Give the data again exactly, without its images.

Data for processing:

---

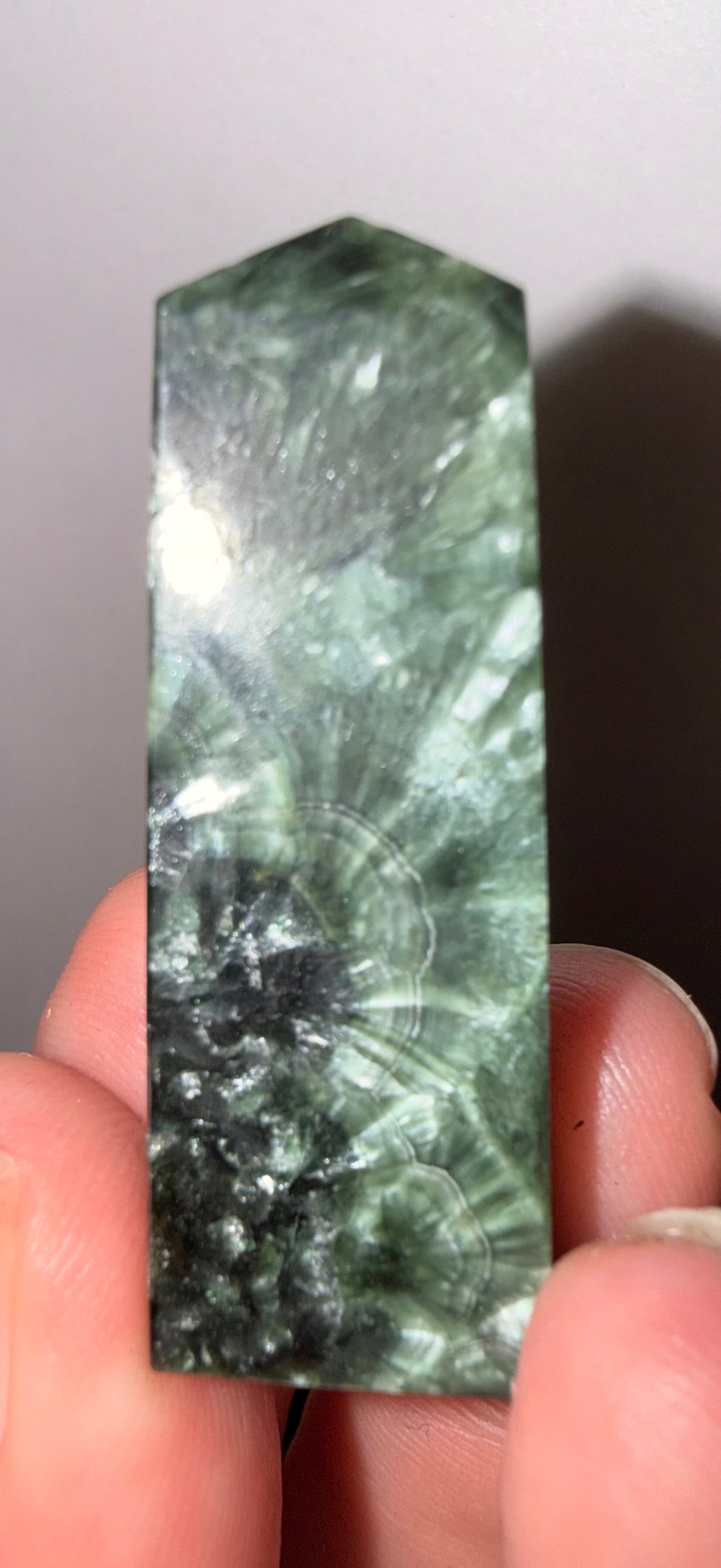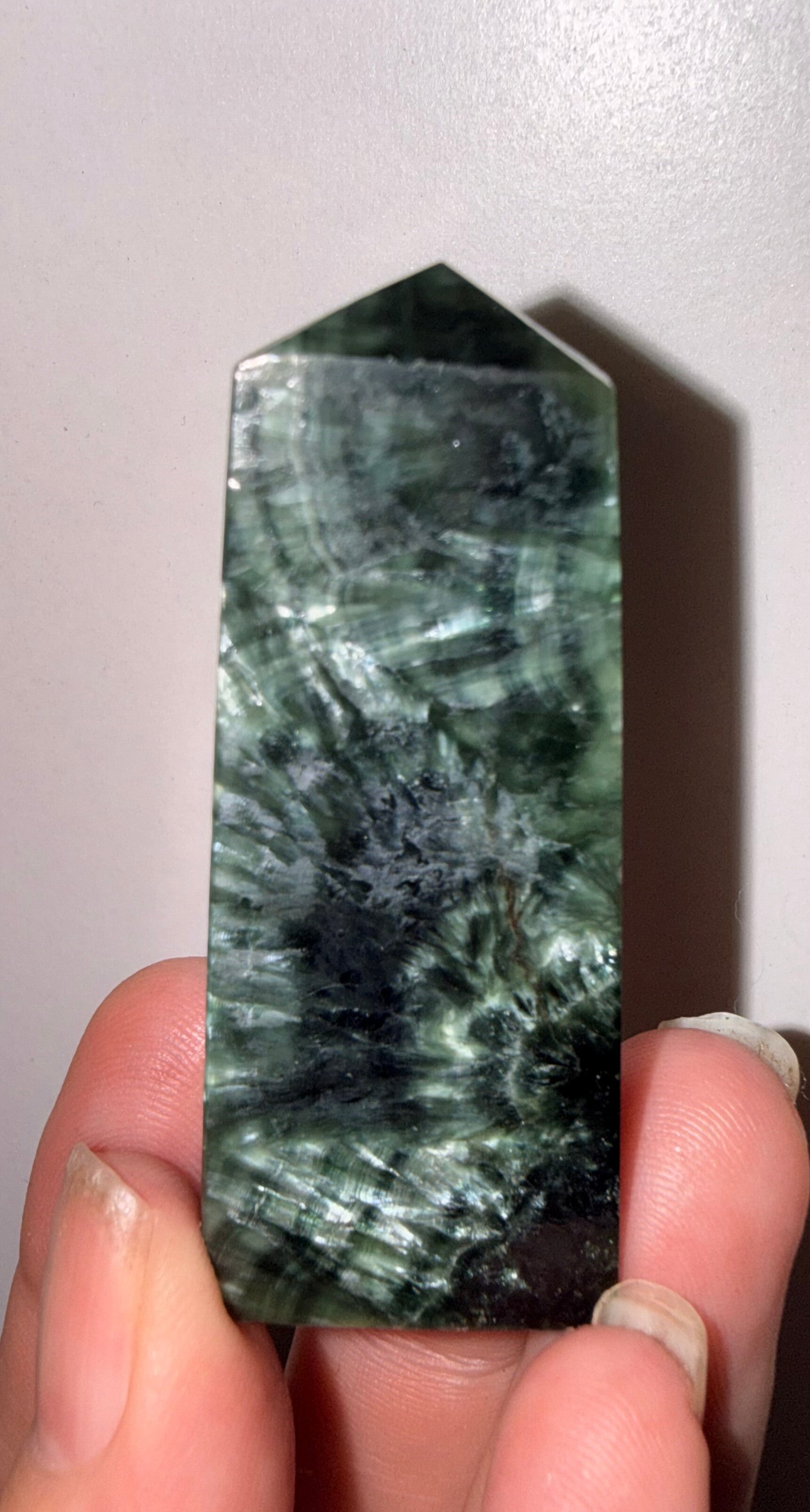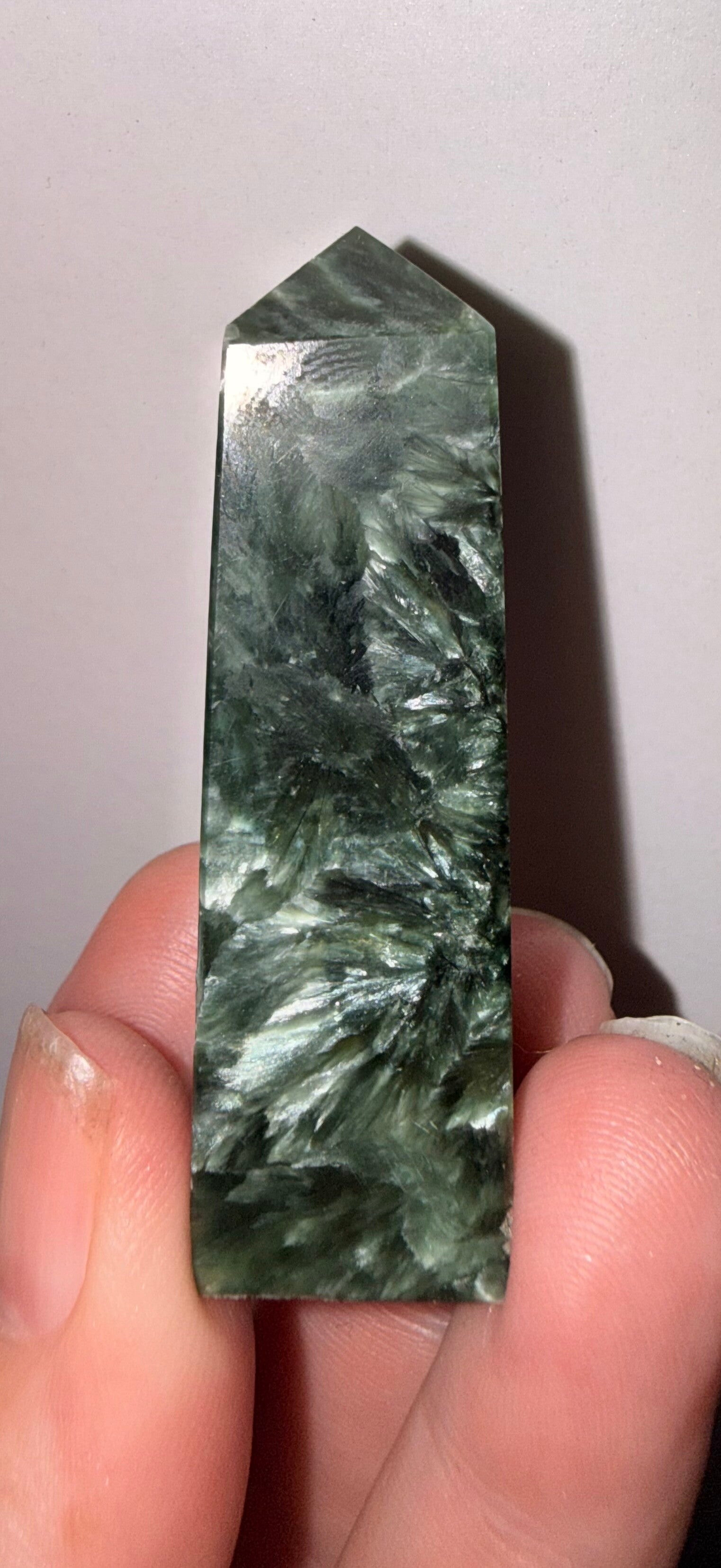 Seraphinite is a rare, deep-green chlorite mineral from Siberia known as the "Angel Stone" due to its silver, feather-like, chatoyant inclusions resembling wings. It is primarily used to connect with angelic realms, promote spiritual ascension, and open the heart chakra. Synonyms include Clinochlore, Green Chlorite, and sometimes the Angel Stone.
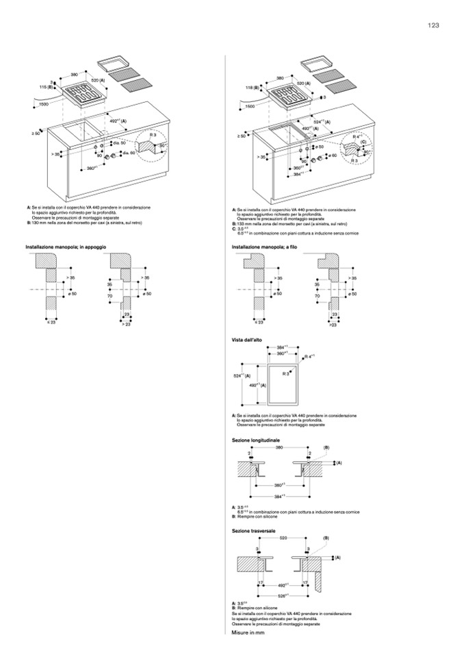 Se si installa con il coperchio VA 440 prendere in considerazione
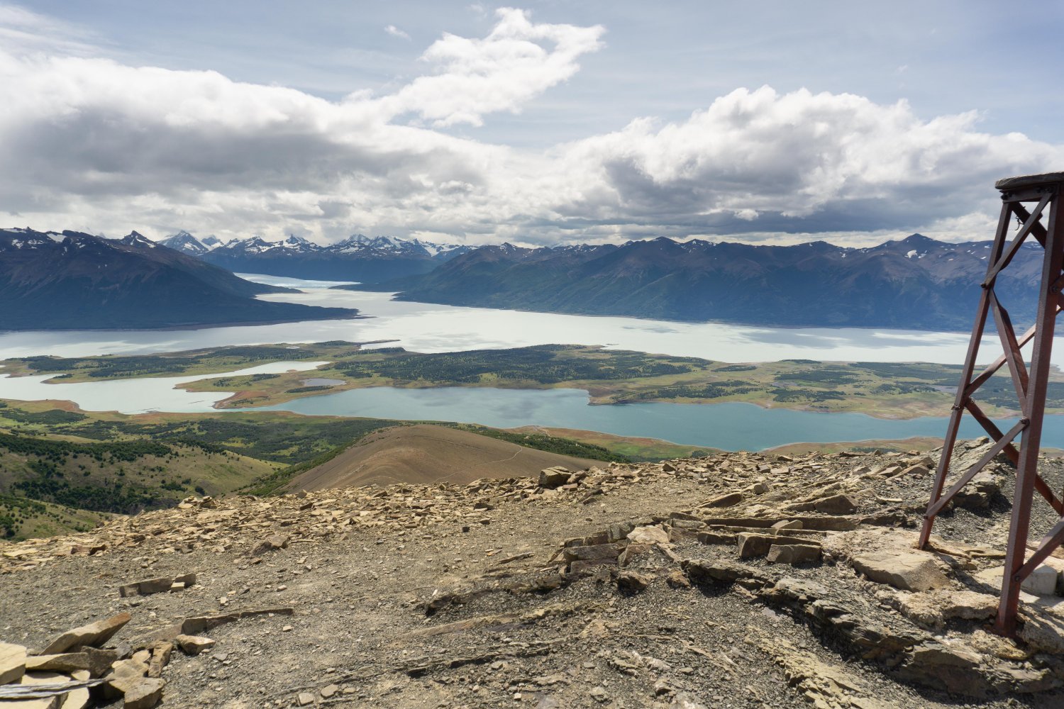 Mas no cume, a 1282 metros de altitude, junto com fortes ventos patagônicos, tivemos uma bela vista do glaciar Perito Moreno, lago Roca e lago Argentino, com as montanhas nevadas no horizonte.
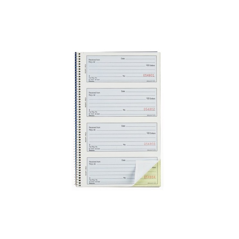 Blueline Receipt Book, 200 Numbered Duplicates, Carbonless, Bilingual 10-5/8" x 6-5/8" (A4074BT)
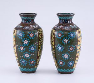 213/1186 Paar kl. Cloisonné-Vasen, China wohl 1. Hälfte 20. Jh.
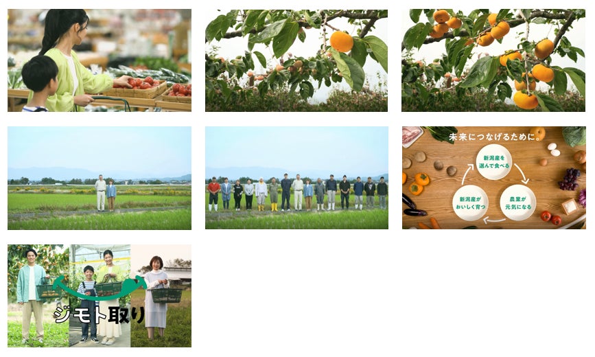 CMでは、野菜売り場で新潟産のトマトを手に取る母親や、青果売り場で新潟産の柿を手に取る若い男性、お肉売り場で新潟産の豚肉を手に取る年配の女性などが描かれています。
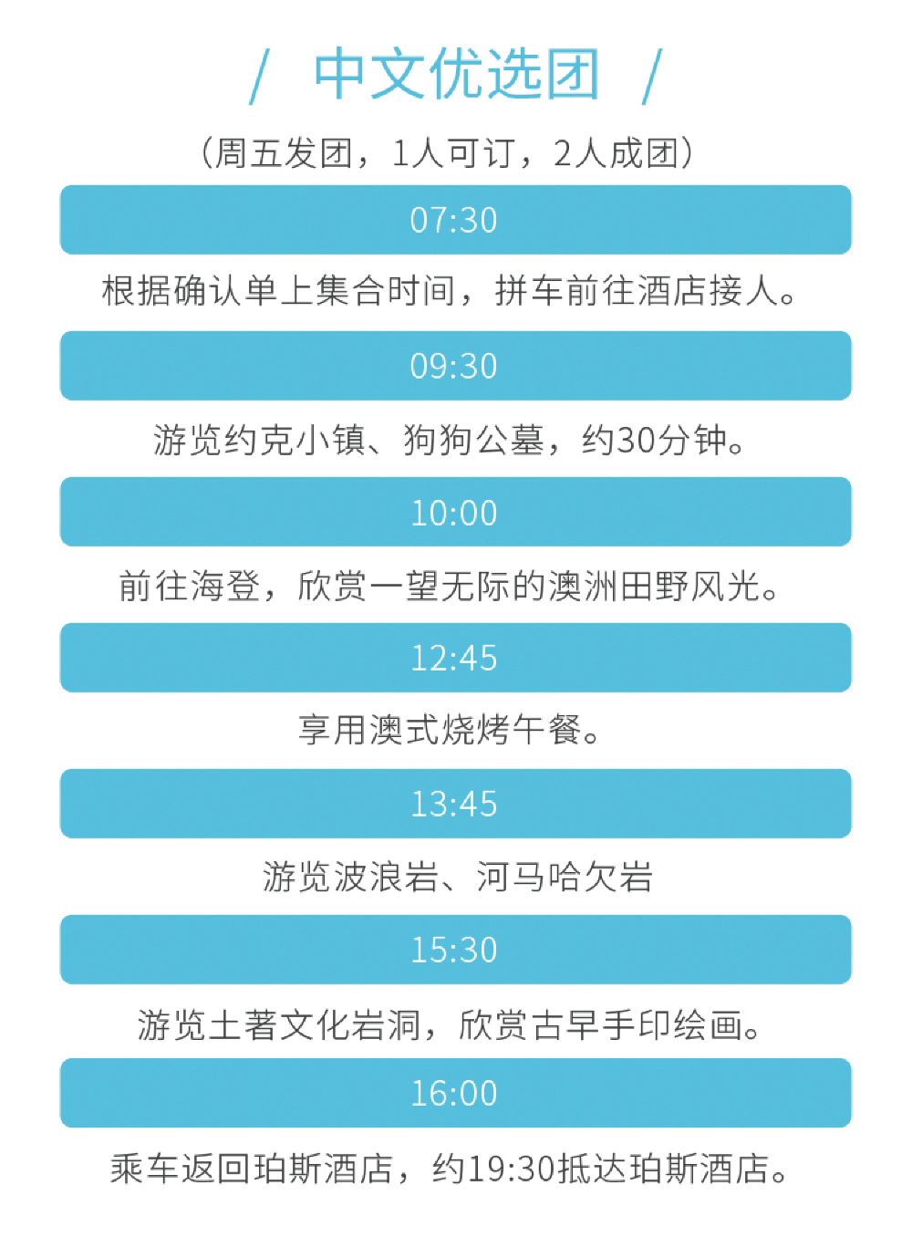 1. 成團說明:中文一日遊行程每週五出發,1人起訂,2人成團;波浪巖一日遊行程週六日出發,1人起訂,7人成團。如未達到成團人數,將提前1日聯絡您。

---

Written reply:
 Seraphinite is a rare, deep-green chlorite mineral from Siberia known as the "Angel Stone" due to its silver, feather-like, chatoyant inclusions resembling wings. It is primarily used to connect with angelic realms, promote spiritual ascension, and open the heart chakra. Synonyms include Clinochlore, Green Chlorite, and sometimes the Angel Stone.
 Se si installa con il coperchio VA 440 prendere in considerazione
 Mas no cume, a 1282 metros de altitude, junto com fortes ventos patagônicos, tivemos uma bela vista do glaciar Perito Moreno, lago Roca e lago Argentino, com as montanhas nevadas no horizonte.
 Blueline Receipt Book, 200 Numbered Duplicates, Carbonless, Bilingual 10-5/8" x 6-5/8" (A4074BT)
 213/1186 Paar kl. Cloisonné-Vasen, China wohl 1. Hälfte 20. Jh.
 CMでは、野菜売り場で新潟産のトマトを手に取る母親や、青果売り場で新潟産の柿を手に取る若い男性、お肉売り場で新潟産の豚肉を手に取る年配の女性などが描かれています。
 1. 成團說明:中文一日遊行程每週五出發,1人起訂,2人成團;波浪巖一日遊行程週六日出發,1人起訂,7人成團。如未達到成團人數,將提前1日聯絡您。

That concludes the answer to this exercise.